## Directions for this task
Output the entries word for word. Omit images.

Start of Block

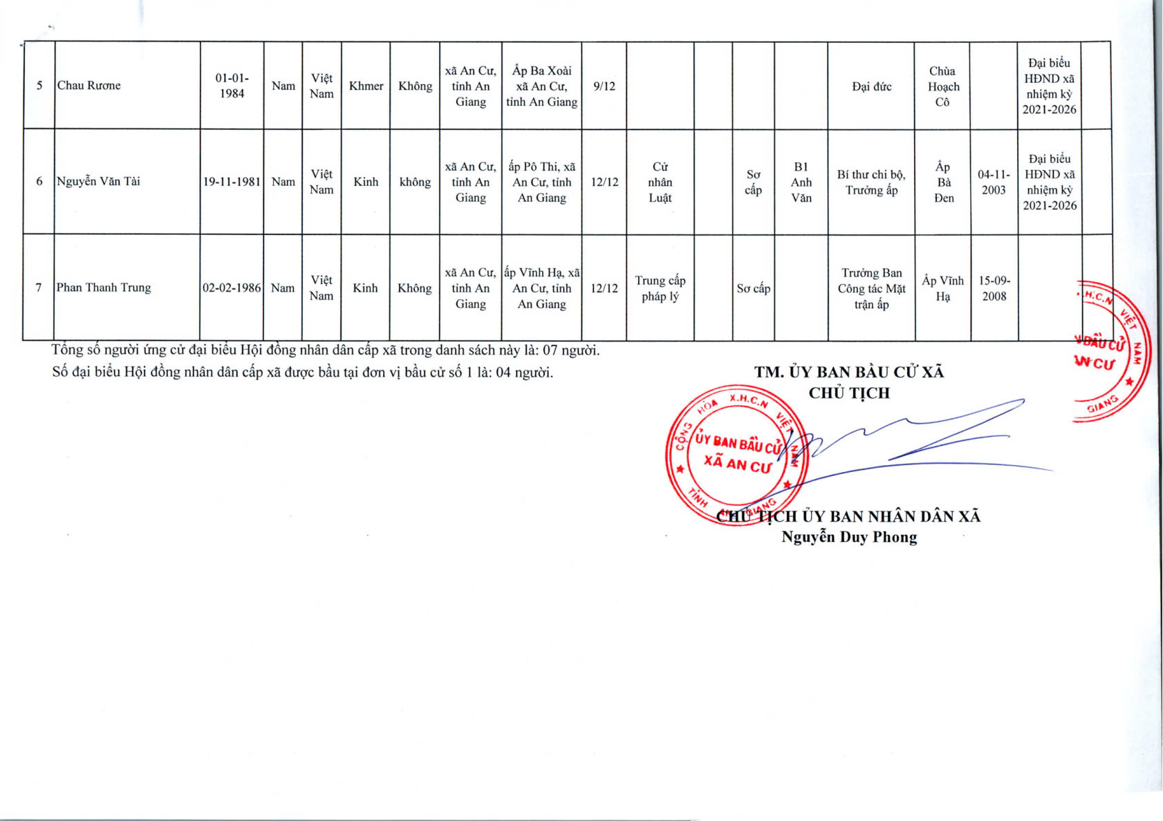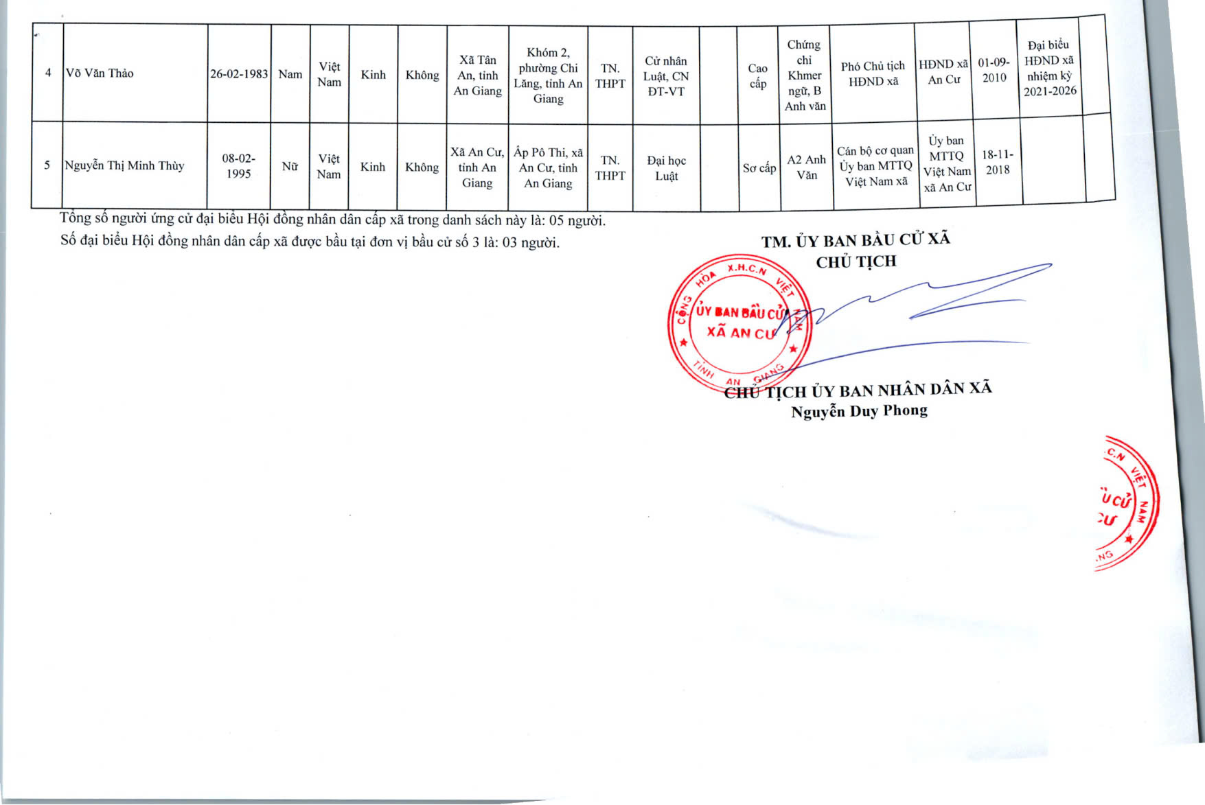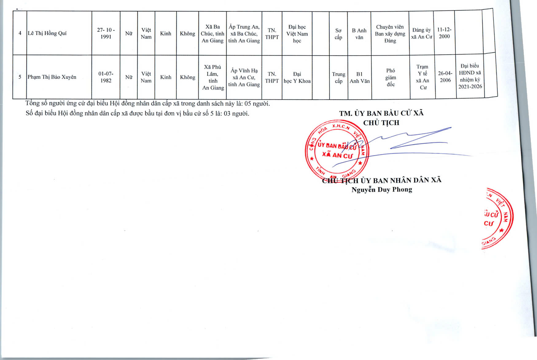 DANH SACH CHÍNH THỨC NGƯỜI ỨNG CỬ ĐẠI BIỂU HỘI ĐỒNG NHÂN DÂN XÃ AN CƯ KHOÁ XIII, NHIỆM KỲ 2026 - 2031
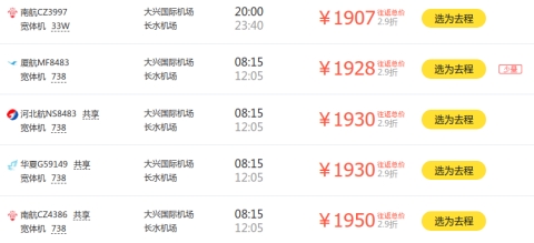 从行程看,北京至昆明出发时查询的往返机票价格最低为1907元。
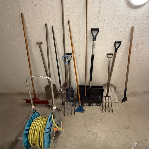 Trädgårdsredskap spadar skyfflar krattor och sekatör
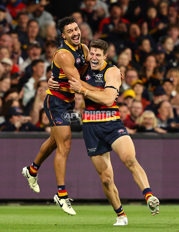 ADELAIDE, AUSTRALIA - MARCH 22: Chris Burgess of the Crows celebrates a goal with Izak Rankine of the Crows during the 2024 AFL Round 2 match between the Adelaide Crows and the Geelong Cats at Adelaide Oval on March 22, 2024 in Adelaide, Australia. (Photo by Sarah Reed/AFL Photos)
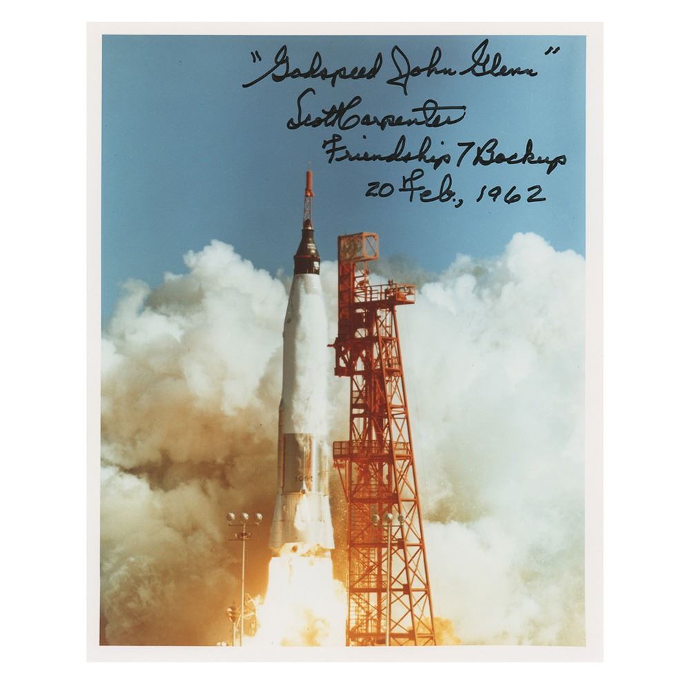 Vivid color semi-glossy 8 x 10 photo of the fiery liftoff of the Mercury-Atlas 6, signed in black felt tip, "'Godspeed John Glenn,' Scott Carpenter, Friendship 7 Backup, 20 Feb., 1962." In very fine condition.
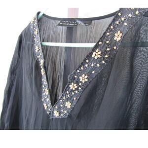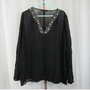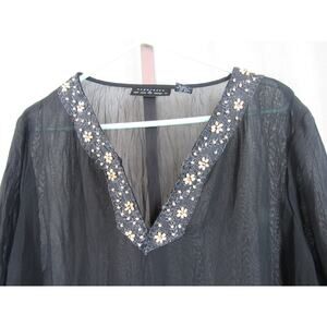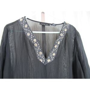 Separates By NYC Design Co. XL Black Crinkle Long Sleeve Blouse Beaded Sheer
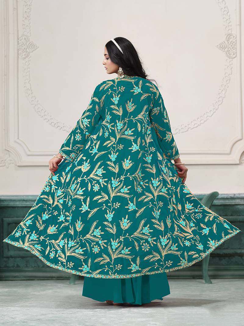 Embroidered faux georgette teal readymade salwar kameez with shrug stitched

End of Block

## Exercise output
 DANH SACH CHÍNH THỨC NGƯỜI ỨNG CỬ ĐẠI BIỂU HỘI ĐỒNG NHÂN DÂN XÃ AN CƯ KHOÁ XIII, NHIỆM KỲ 2026 - 2031
 从行程看,北京至昆明出发时查询的往返机票价格最低为1907元。
 Trädgårdsredskap spadar skyfflar krattor och sekatör
 ADELAIDE, AUSTRALIA - MARCH 22: Chris Burgess of the Crows celebrates a goal with Izak Rankine of the Crows during the 2024 AFL Round 2 match between the Adelaide Crows and the Geelong Cats at Adelaide Oval on March 22, 2024 in Adelaide, Australia. (Photo by Sarah Reed/AFL Photos)
 Vivid color semi-glossy 8 x 10 photo of the fiery liftoff of the Mercury-Atlas 6, signed in black felt tip, "'Godspeed John Glenn,' Scott Carpenter, Friendship 7 Backup, 20 Feb., 1962." In very fine condition.
 Separates By NYC Design Co. XL Black Crinkle Long Sleeve Blouse Beaded Sheer
 Embroidered faux georgette teal readymade salwar kameez with shrug stitched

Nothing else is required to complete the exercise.